(Extracted data entries)
------------------------------------

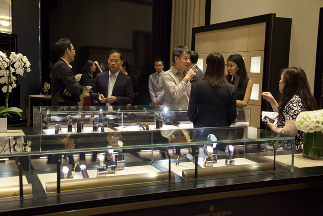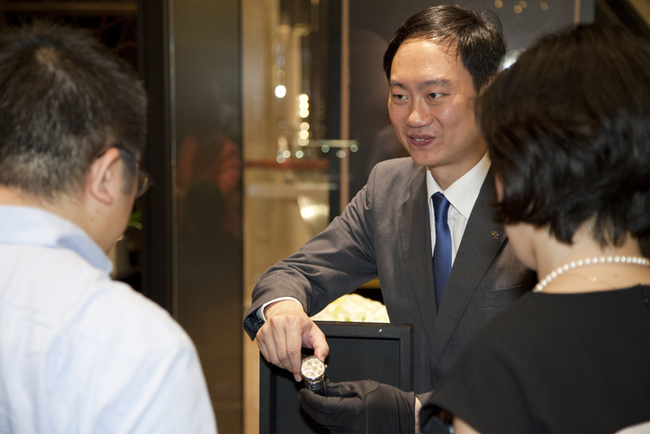 鑑賞會一開始,江詩丹頓台北101專賣店頓時就充滿人氣,大夥開心暢談,期待等一下的重頭戲——首只專屬「台北城市的時間等式手錶」的現身。
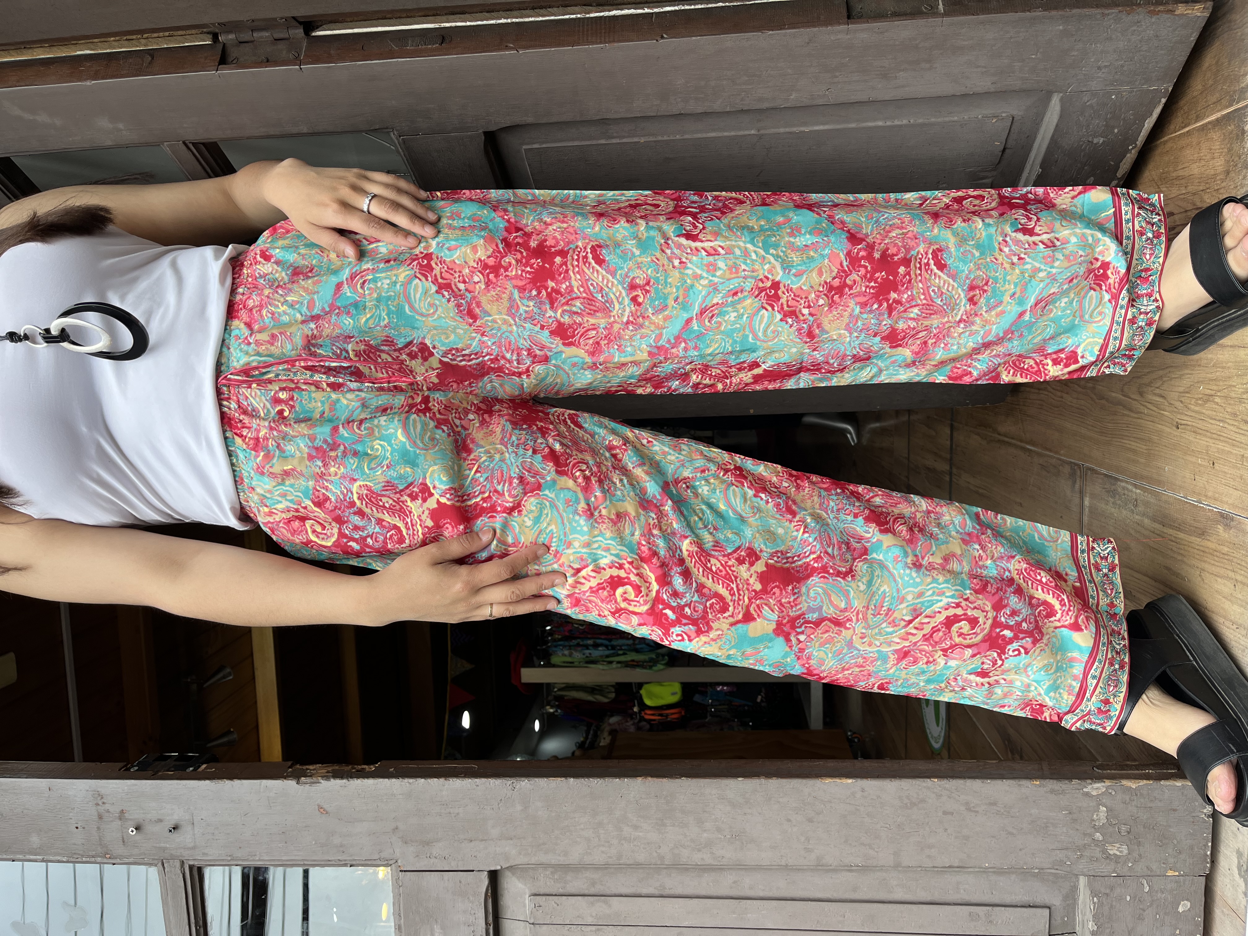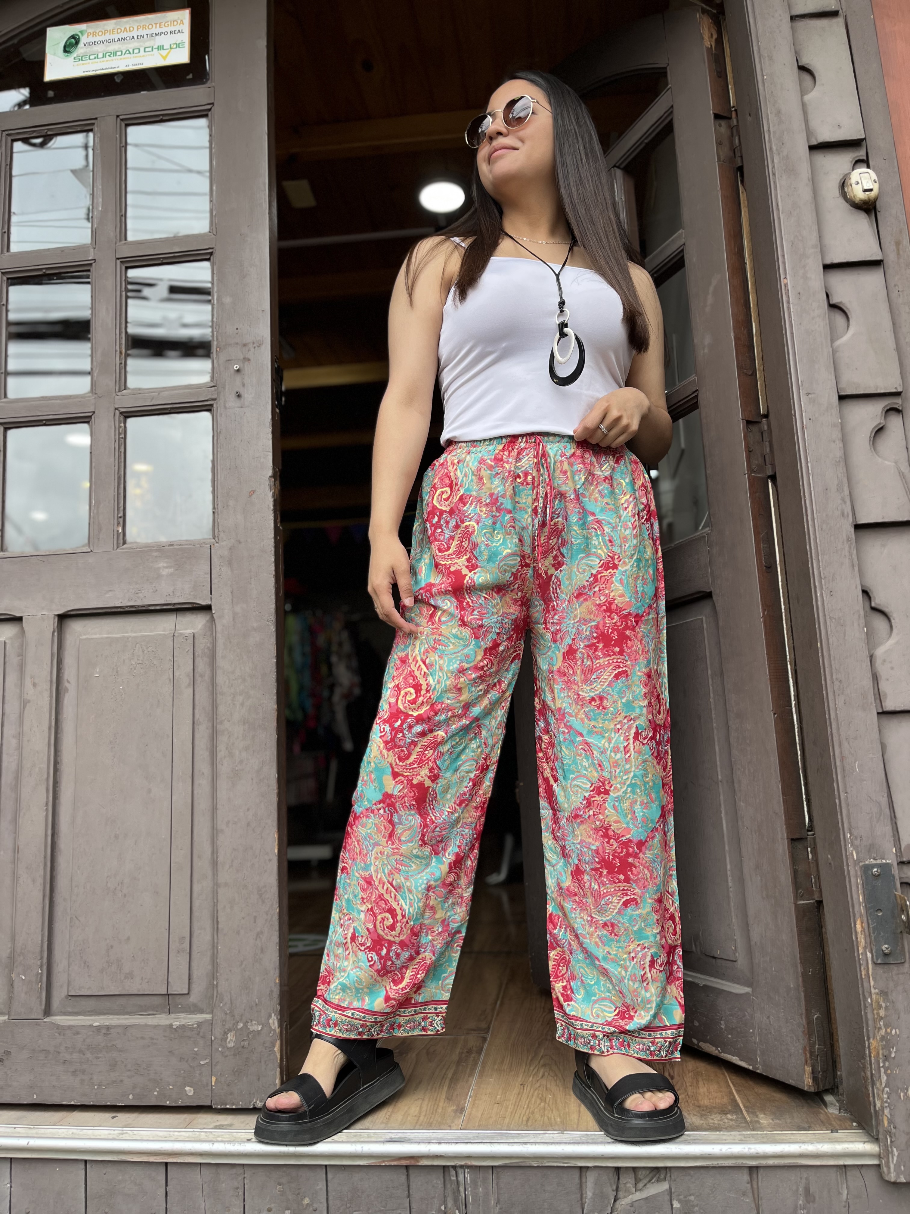 Pantalon India seda recto turquesa rojo cintura elasticada
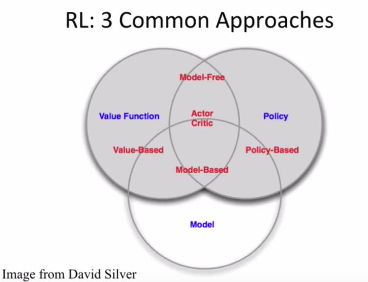 具体来说,tutorial 先是介绍了强化学习的相关背景和最近大家关注的一些题目。例如最基础的MDP 的定义,强化学习通常的setting,常用的解决强化学习问题的三个方法论:value function based、policy based、model based,以及它们之间的一些关系。
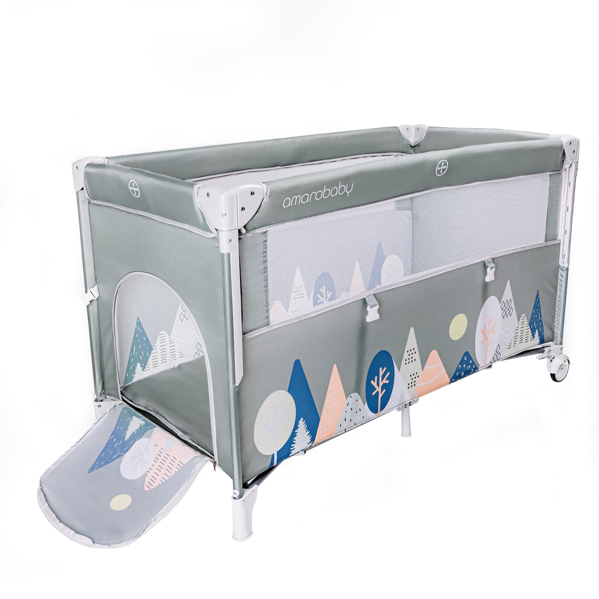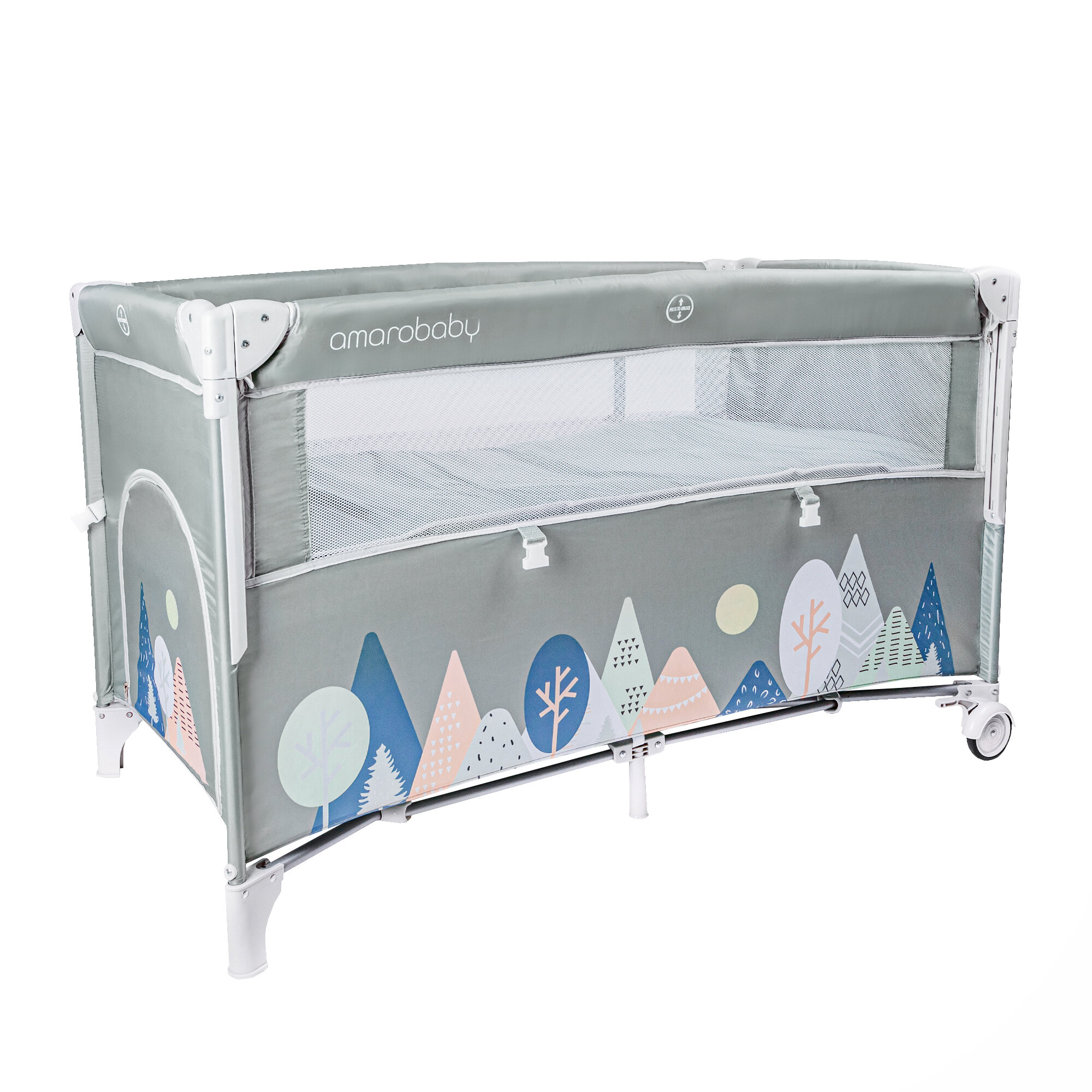 Манеж Amarobaby "TRANSFORM", складная кроватка, серый, с матрасом
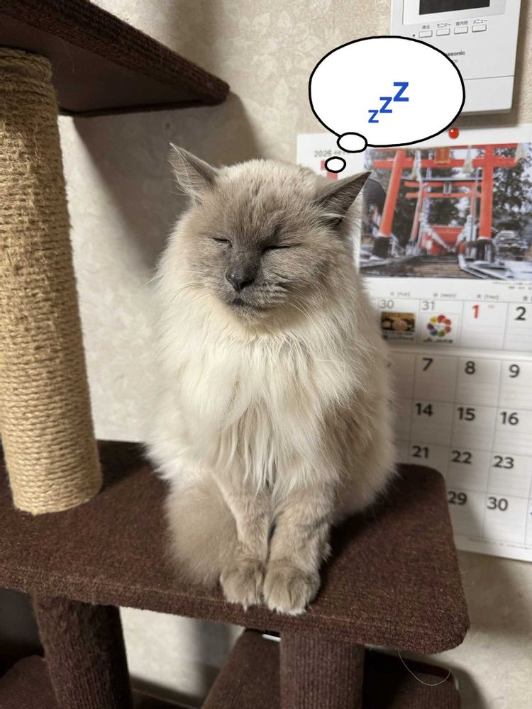 2枚目・ふと見たらキャットタワーで座ったまま寝てるしろちゃんでした🙀
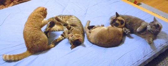 ドンごろーがいつから我が家のボス猫になったのかというと、最初からです。人間なら幼稚園児くらいの頃にうちに来て、すでに高校生くらいだったゴンゴンとガンちゃんに「今日からオラがボス!」と宣言しました。(アホですね)
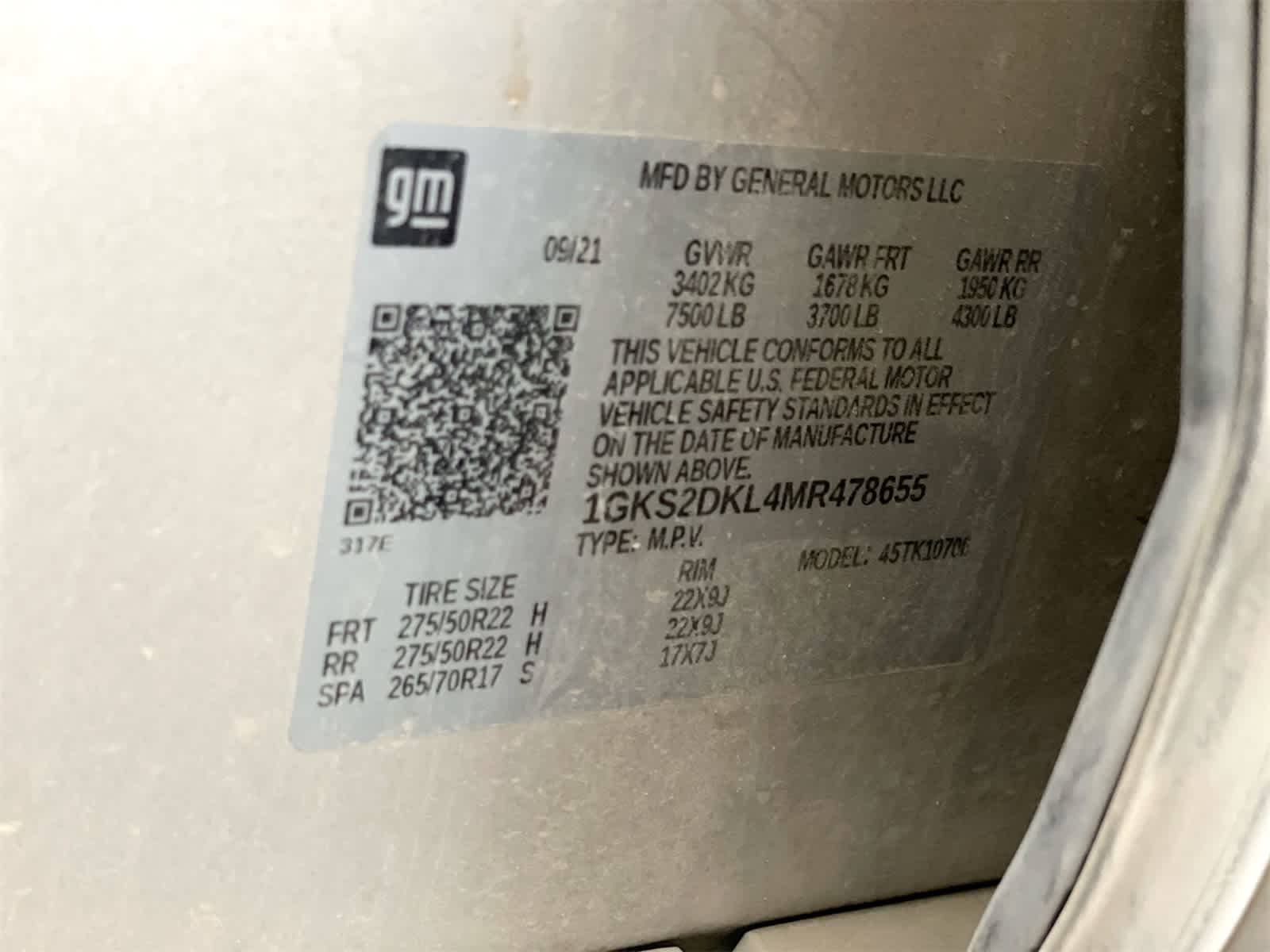 - Tires, 275/60R20SL all-season, blackwall (Standard with (RTL) 20" 6-spoke multi-dimensional polished aluminum wheels only.)

------------------------------------

* _Aim of the exercise_
Drop the pictures and reproduce the rest of the entries above exactly.

* _Result below_
 鑑賞會一開始,江詩丹頓台北101專賣店頓時就充滿人氣,大夥開心暢談,期待等一下的重頭戲——首只專屬「台北城市的時間等式手錶」的現身。
 Pantalon India seda recto turquesa rojo cintura elasticada
 具体来说,tutorial 先是介绍了强化学习的相关背景和最近大家关注的一些题目。例如最基础的MDP 的定义,强化学习通常的setting,常用的解决强化学习问题的三个方法论:value function based、policy based、model based,以及它们之间的一些关系。
 Манеж Amarobaby "TRANSFORM", складная кроватка, серый, с матрасом
 2枚目・ふと見たらキャットタワーで座ったまま寝てるしろちゃんでした🙀
 ドンごろーがいつから我が家のボス猫になったのかというと、最初からです。人間なら幼稚園児くらいの頃にうちに来て、すでに高校生くらいだったゴンゴンとガンちゃんに「今日からオラがボス!」と宣言しました。(アホですね)
 - Tires, 275/60R20SL all-season, blackwall (Standard with (RTL) 20" 6-spoke multi-dimensional polished aluminum wheels only.)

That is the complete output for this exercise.